Eine Skulptur von Jonathan Borofsky in Kassel.

Himmelsstürmer: Die Skulptur von Jonathan Borofsky findet bei den Kasseler Bürgern nach wie vor sehr viel Anklang Foto: Stefan Ziese/imago

Ob die „Documenta 16“ tatsächlich stattfinden wird? 2027? In Kassel? Während des Skandals der letzten Ausstellung äußerten ja nicht wenige Kunstbetriebler aus der Hauptstadt, es sei sowieso schon lange eine Zumutung, eine Weltkunstausstellung an dieser nordhessischen Milchkanne zu veranstalten.

Oft stellten sie sogar eine eindeutige Verbindung zwischen der Provinzialität des Ortes und den antisemitischen Entgleisungen her. Und spätestens durch die Berlinale-Preisverleihung wurde ja bewiesen, dass eine simplifizierende Palästina-gut-und-antikolonial-Israel-böse-und-genozidal-Propaganda auf einer Kulturveranstaltung in Berlin undenkbar ist.

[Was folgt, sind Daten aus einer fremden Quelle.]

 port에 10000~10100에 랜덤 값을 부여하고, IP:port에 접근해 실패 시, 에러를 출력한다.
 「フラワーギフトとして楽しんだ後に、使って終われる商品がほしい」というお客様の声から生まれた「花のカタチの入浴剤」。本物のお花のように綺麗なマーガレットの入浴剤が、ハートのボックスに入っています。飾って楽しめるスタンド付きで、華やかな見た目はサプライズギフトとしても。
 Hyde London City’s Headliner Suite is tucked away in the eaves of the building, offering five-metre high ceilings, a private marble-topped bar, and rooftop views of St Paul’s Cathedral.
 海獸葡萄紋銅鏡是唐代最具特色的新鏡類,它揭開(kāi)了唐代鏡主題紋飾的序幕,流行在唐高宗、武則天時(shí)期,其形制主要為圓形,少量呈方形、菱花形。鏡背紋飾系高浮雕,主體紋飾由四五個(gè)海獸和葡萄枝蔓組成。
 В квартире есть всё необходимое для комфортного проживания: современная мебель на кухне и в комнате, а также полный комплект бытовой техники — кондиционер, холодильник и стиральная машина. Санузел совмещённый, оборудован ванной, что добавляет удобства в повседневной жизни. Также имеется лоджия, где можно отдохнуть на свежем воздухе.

Obwohl ich weiß, dass sich weder die Ausstellungsmacher, weder Ausstellende noch Besucherinnen jemals für den Ort des Geschehens interessiert haben, hier ein zutiefst provinzielles Plädoyer eines Ex-Kasselers für die Fortführung der Documenta genau dort: in Hessisch-Sibirien.

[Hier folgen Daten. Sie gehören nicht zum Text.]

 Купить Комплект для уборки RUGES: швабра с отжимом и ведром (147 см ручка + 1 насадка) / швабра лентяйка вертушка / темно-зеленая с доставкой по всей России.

Kassel ist keine üble Stadt. Man kann da leben, arbeiten, aufwachsen, ohne traumatisiert zu werden. 200.000 Einwohner, viel Grün, viele Nachkriegsbauten. Und ein nackter Mann mit Keule auf einem Hügel. Früher lag Kassel nah an der Zonengrenze. Heute auch noch. Nur dass die Selbstschussanlagen abgebaut wurden. Alles in allem ist Kassel so mittel. Als Jugendlicher will man aber mehr als mittel. Deswegen gibt es für jeden dort Aufgewachsenen mindestens eine Documenta, die er oder sie im Nachhinein als Erweckungserlebnis interpretiert.

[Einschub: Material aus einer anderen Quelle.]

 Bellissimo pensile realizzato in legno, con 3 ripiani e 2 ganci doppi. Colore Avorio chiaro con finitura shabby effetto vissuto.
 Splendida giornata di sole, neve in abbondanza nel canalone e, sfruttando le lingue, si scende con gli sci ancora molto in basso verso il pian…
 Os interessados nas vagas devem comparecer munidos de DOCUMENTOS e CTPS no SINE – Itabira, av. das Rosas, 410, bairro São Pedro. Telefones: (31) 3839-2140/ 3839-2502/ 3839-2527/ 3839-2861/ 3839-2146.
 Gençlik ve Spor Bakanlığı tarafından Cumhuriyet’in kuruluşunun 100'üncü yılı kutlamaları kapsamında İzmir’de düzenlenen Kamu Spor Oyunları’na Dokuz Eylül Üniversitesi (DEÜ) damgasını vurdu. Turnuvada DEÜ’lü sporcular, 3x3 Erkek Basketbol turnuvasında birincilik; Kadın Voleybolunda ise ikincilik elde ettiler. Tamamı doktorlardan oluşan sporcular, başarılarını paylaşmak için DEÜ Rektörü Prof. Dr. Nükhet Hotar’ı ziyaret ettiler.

Denn mit jeder Documenta begann die Stadt plötzlich zu vibrieren. Und zu klingen. Kassel sprach in Zungen. 100 Tage lang. Und das nicht nur, wie sonst, in unserem randständigen Einwandererviertel. Auch in der guten Stube wurde von einem Tag auf den anderen fremd gesprochen: In der Innenstadt, in den Cafés, in den Geschäften. Englisch, Französisch, sogar Japanisch. Überall sah man Leute in absurd-exzentrischer Kleidung. Und in Zeiten, in denen niemand das Wort „non-binär“ auch nur buchstabieren konnte, begegneten wir Menschen, die wir beim besten Willen keinem der uns bekannten Geschlechter zuordnen konnten. Wir fanden es super.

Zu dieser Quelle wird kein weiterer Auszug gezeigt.